Top of THE DATA

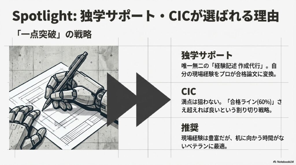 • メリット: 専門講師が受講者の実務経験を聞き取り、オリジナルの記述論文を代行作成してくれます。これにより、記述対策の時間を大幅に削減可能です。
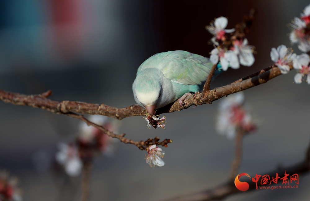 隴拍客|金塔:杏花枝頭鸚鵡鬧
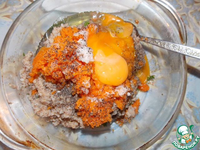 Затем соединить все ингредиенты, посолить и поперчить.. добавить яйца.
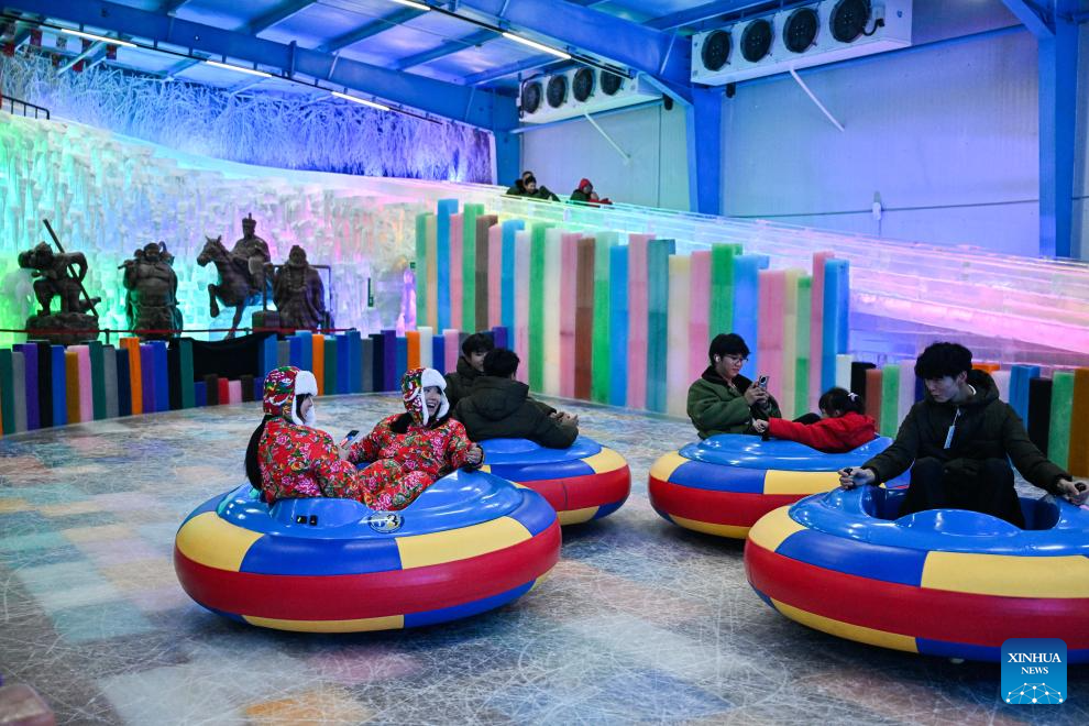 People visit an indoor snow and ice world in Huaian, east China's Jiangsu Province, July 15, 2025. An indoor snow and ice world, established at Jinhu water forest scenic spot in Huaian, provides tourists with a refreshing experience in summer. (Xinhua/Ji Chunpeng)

Bottom of THE DATA
Top of THE DATA

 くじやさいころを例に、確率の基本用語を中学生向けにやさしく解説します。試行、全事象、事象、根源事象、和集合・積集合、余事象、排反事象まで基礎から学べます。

Bottom of THE DATA
Top of THE DATA

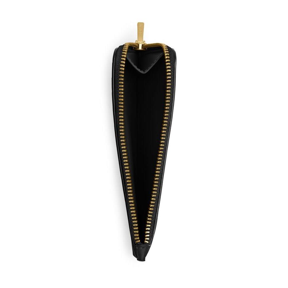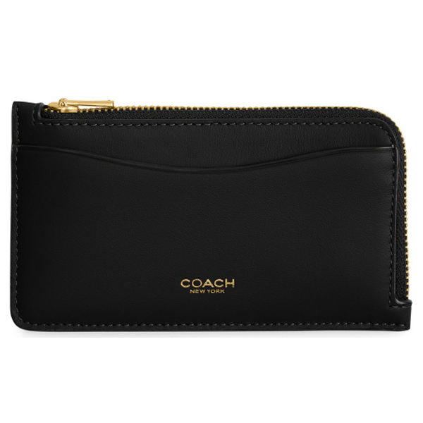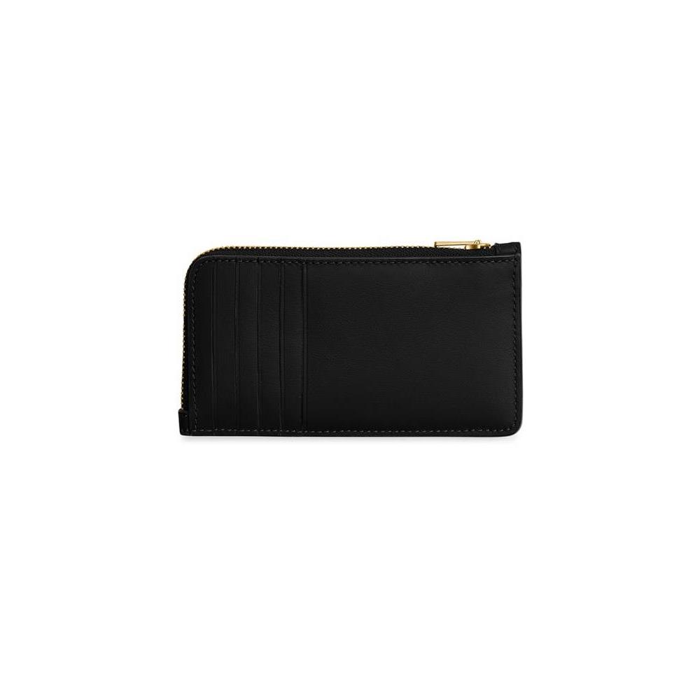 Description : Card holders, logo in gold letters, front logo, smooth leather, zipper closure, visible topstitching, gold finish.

Bottom of THE DATA

» **REQUIREMENT**: Beginning at the line above that contains "Затем соединить все", repeat each line exactly through the one that contains "People visit an", and leave out the pictures.

» **EXERCISE ANSWER**:
 Затем соединить все ингредиенты, посолить и поперчить.. добавить яйца.
 People visit an indoor snow and ice world in Huaian, east China's Jiangsu Province, July 15, 2025. An indoor snow and ice world, established at Jinhu water forest scenic spot in Huaian, provides tourists with a refreshing experience in summer. (Xinhua/Ji Chunpeng)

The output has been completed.